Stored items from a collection
>>>

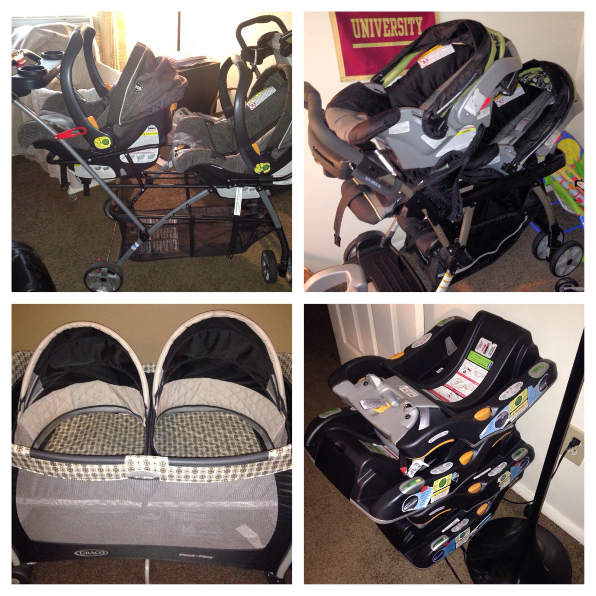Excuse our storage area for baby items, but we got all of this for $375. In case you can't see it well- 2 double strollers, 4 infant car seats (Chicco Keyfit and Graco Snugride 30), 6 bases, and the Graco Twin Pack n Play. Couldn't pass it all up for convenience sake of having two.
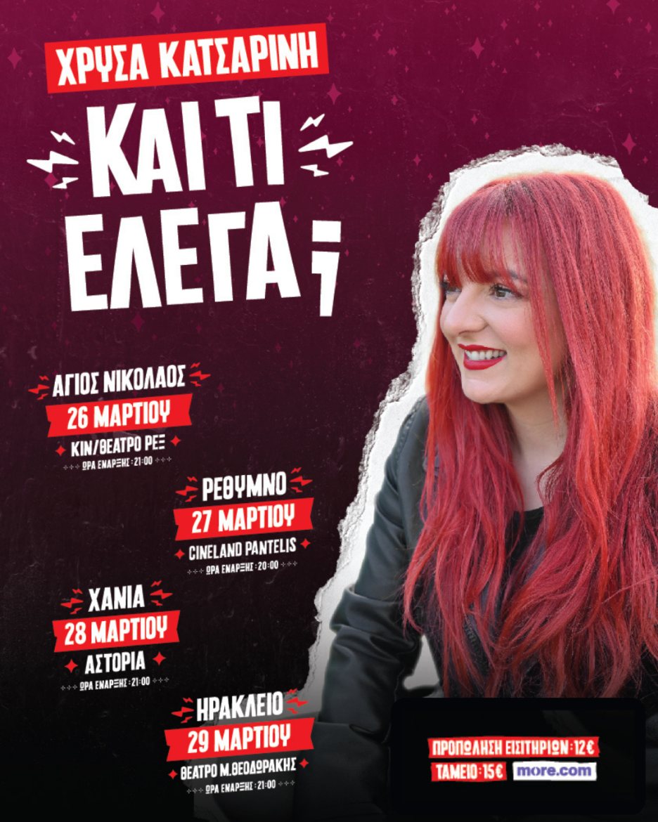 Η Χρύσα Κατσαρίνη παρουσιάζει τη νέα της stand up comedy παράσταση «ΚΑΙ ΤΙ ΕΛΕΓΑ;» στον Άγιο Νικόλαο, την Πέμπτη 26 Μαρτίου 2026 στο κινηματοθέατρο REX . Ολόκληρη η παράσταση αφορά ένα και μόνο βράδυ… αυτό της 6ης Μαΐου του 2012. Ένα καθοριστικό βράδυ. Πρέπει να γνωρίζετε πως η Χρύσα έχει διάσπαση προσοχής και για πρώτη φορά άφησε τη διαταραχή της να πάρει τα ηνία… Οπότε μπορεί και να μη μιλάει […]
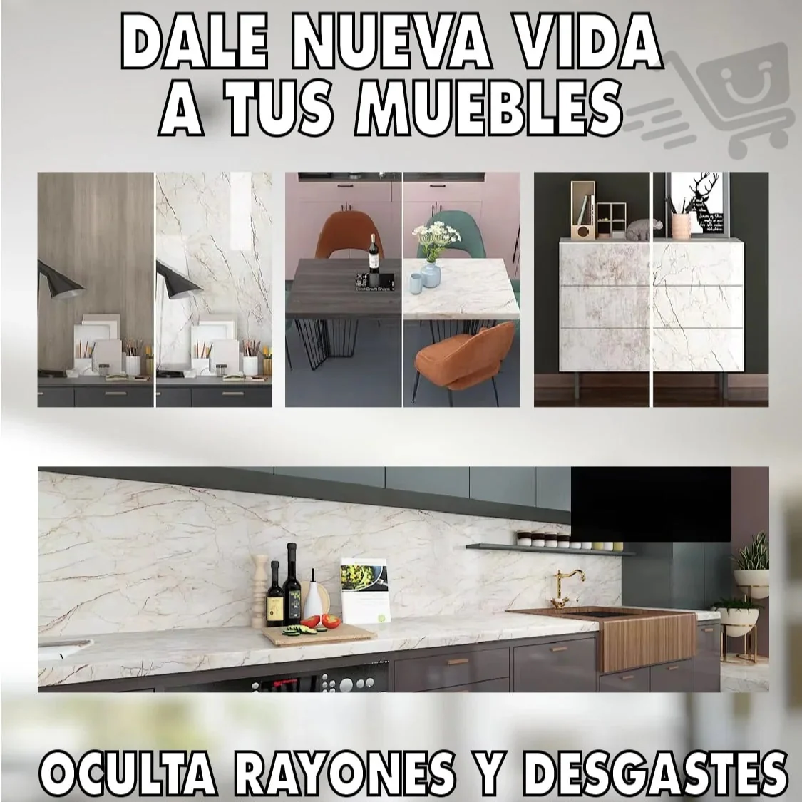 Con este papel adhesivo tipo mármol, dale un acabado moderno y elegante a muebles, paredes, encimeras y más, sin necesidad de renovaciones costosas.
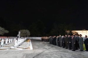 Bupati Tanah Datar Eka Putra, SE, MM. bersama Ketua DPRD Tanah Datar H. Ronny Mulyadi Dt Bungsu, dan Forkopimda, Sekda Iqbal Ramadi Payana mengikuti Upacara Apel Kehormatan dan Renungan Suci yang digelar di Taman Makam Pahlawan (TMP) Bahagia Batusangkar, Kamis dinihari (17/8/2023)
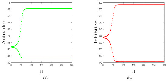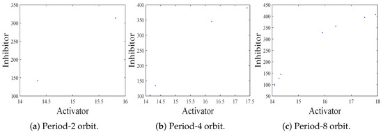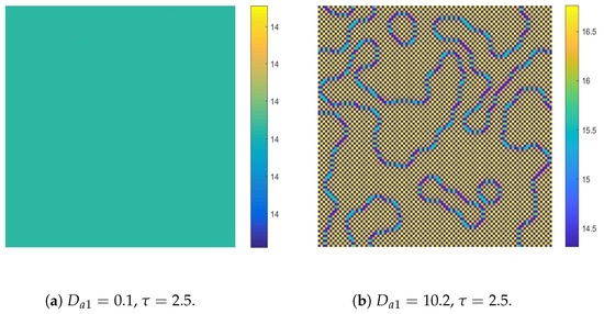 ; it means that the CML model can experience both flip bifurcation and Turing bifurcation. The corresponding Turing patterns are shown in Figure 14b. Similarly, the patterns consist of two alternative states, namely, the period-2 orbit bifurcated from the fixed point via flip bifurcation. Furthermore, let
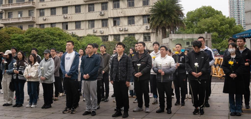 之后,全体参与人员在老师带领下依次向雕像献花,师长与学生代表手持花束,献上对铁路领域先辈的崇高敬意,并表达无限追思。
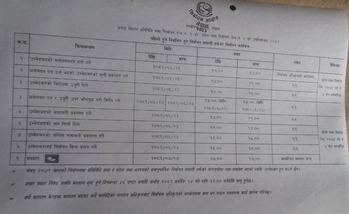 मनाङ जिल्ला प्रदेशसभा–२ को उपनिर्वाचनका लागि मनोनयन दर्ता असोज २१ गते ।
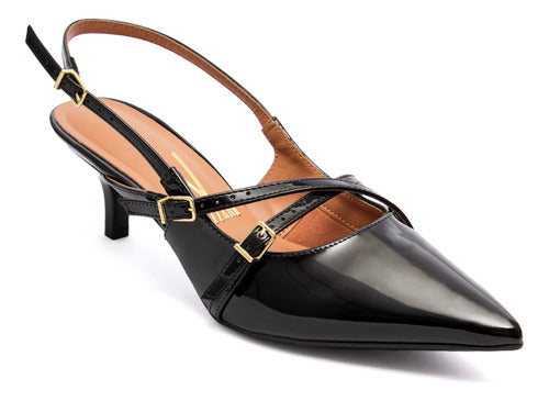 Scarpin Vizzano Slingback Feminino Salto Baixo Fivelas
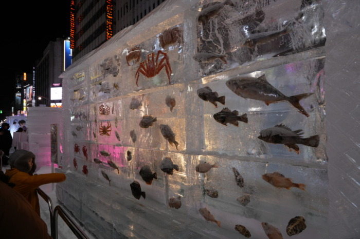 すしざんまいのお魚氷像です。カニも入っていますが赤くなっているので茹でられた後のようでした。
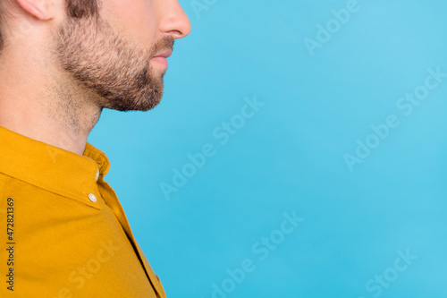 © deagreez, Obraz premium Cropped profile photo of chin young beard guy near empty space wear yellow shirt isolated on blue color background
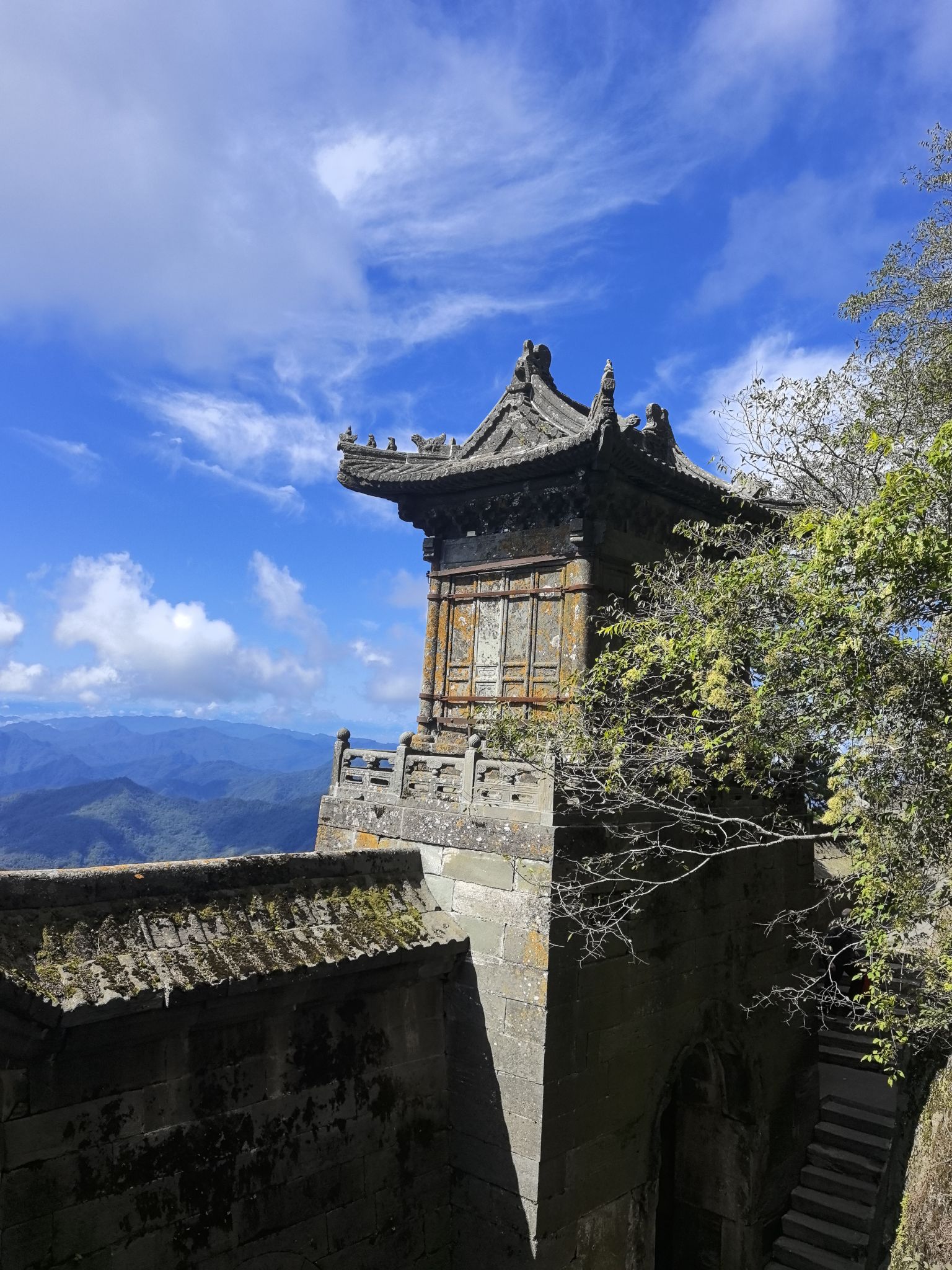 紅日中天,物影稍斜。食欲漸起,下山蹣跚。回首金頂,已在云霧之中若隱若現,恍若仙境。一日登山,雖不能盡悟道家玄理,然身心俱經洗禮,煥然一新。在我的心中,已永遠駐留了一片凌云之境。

<<<

Task goal — Set down all the lines above exactly as they appear, with no pictures.

Solution —
Excuse our storage area for baby items, but we got all of this for $375. In case you can't see it well- 2 double strollers, 4 infant car seats (Chicco Keyfit and Graco Snugride 30), 6 bases, and the Graco Twin Pack n Play. Couldn't pass it all up for convenience sake of having two.
 Η Χρύσα Κατσαρίνη παρουσιάζει τη νέα της stand up comedy παράσταση «ΚΑΙ ΤΙ ΕΛΕΓΑ;» στον Άγιο Νικόλαο, την Πέμπτη 26 Μαρτίου 2026 στο κινηματοθέατρο REX . Ολόκληρη η παράσταση αφορά ένα και μόνο βράδυ… αυτό της 6ης Μαΐου του 2012. Ένα καθοριστικό βράδυ. Πρέπει να γνωρίζετε πως η Χρύσα έχει διάσπαση προσοχής και για πρώτη φορά άφησε τη διαταραχή της να πάρει τα ηνία… Οπότε μπορεί και να μη μιλάει […]
 Con este papel adhesivo tipo mármol, dale un acabado moderno y elegante a muebles, paredes, encimeras y más, sin necesidad de renovaciones costosas.
 Bupati Tanah Datar Eka Putra, SE, MM. bersama Ketua DPRD Tanah Datar H. Ronny Mulyadi Dt Bungsu, dan Forkopimda, Sekda Iqbal Ramadi Payana mengikuti Upacara Apel Kehormatan dan Renungan Suci yang digelar di Taman Makam Pahlawan (TMP) Bahagia Batusangkar, Kamis dinihari (17/8/2023)
 ; it means that the CML model can experience both flip bifurcation and Turing bifurcation. The corresponding Turing patterns are shown in Figure 14b. Similarly, the patterns consist of two alternative states, namely, the period-2 orbit bifurcated from the fixed point via flip bifurcation. Furthermore, let
 之后,全体参与人员在老师带领下依次向雕像献花,师长与学生代表手持花束,献上对铁路领域先辈的崇高敬意,并表达无限追思。
 मनाङ जिल्ला प्रदेशसभा–२ को उपनिर्वाचनका लागि मनोनयन दर्ता असोज २१ गते ।
 Scarpin Vizzano Slingback Feminino Salto Baixo Fivelas
 すしざんまいのお魚氷像です。カニも入っていますが赤くなっているので茹でられた後のようでした。
 © deagreez, Obraz premium Cropped profile photo of chin young beard guy near empty space wear yellow shirt isolated on blue color background
 紅日中天,物影稍斜。食欲漸起,下山蹣跚。回首金頂,已在云霧之中若隱若現,恍若仙境。一日登山,雖不能盡悟道家玄理,然身心俱經洗禮,煥然一新。在我的心中,已永遠駐留了一片凌云之境。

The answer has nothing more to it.